Real harm comes from either the destruction of human capital, especially in entrepreneurial talent and blue-collar skilled trades (think of the extermination of Jewish populations under Nazi rule or of the Polish intelligentsia) or if those whose contributions are necessary enough to be rewarded well before the Great Devaluation are rendered much less valuable without viable alternatives. A neo-Marxist analysis could suggest that if the capitalist classes saved themselves from proletarian revolutions and thus Marxist-Leninist Socialism by transforming the proletariat into participants in a consumer economy, then things could be really bad for working people if their toil is greatly devalued and the ruling classes of the post-Crisis time can get away with treating industrial workers as badly as they do in Marx' depiction of the capitalism that he knew.
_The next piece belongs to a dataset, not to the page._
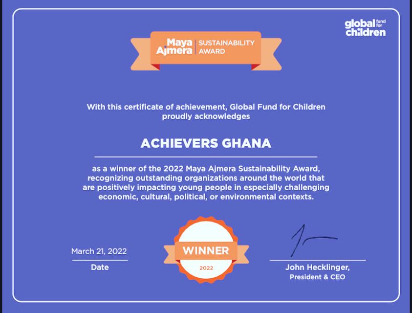 This award, which has been given to 167 community-based organizations since 2005, provides an investment in the winners’ long-term stability at a crucial stage in their development. Achievers Ghana is a winner of this year’s award.

That is one horrid world.
The reality remains; the industrial worker or the potential industrial worker has nothing to sell but his toil, whether in the early capitalism of the sweat shop with industrial workers working seventy-hour weeks and having forty-years of life expectancy or in the more modern capitalism in which workers do forty-hour workweeks and have seventy-years of life expectancy. The economic realities for white coal miners in Appalachia as the coal seams are worked out have their analogy in the decline of manufacturing as a share of the4 economy in the 1960s and 1970s that made millions of black men superfluous in the economies of such citie4s as Detroit, Gary, and Cleveland. Such manifested itself in drug epidemics and crime waves.
So what do we do? Good question. The economic elite of shareholders, executives, landlords in cities that still have vibrant economies, and political bosses have never had thing so good. This elite (and Donald Trump is a stereotype of the worst) isn't going to change its ways until it starts to feel economic distress or is dislodged in war or revolution. This elite so far has the means of ensuring that others will feel any economic distress without recourse or relief.
Quote:Usually, the crisis leads to the culture shift. In the 1960s era, the awakening led to a culture shift. I am sort of expecting that the see saw between the cultures will end in an era that smells more like an awakening than a crisis. It isn't supposed to be, but I am not seeing the expected spiral of violence domestically, yet some problems (division of wealth, global warming, productivity increase) are building up. We are stuck calling those using violence lone nuts rather than see them organizing into large culture altering groups.
In an awakening, ideals lead to changes of values and to a cultural shift. In a Crisis, the harsh reality of war, revolution, and coups forces changes of values and of the culture. This Crisis Era can still end with a more complete consolidation of elite power, with the economic elites having more brutal means than they now have. Such would be the achievement of an inhuman economic and political order in which this sort of image
is possible again, and with the excuse 'at least he was spared execution'.
Sorry folks, this is part of the political heritage of America, and no time can so bring out the demons of the discredited past as can a Crisis Era. There are many ways in which a Crisis can end, and this one offers even the chance of the destruction of our civilization in a nuclear exchange.
The ideal subject of totalitarian rule is not the convinced Nazi or the dedicated Communist but instead the people for whom the distinction between fact and fiction, true and false, no longer exists -- Hannah Arendt.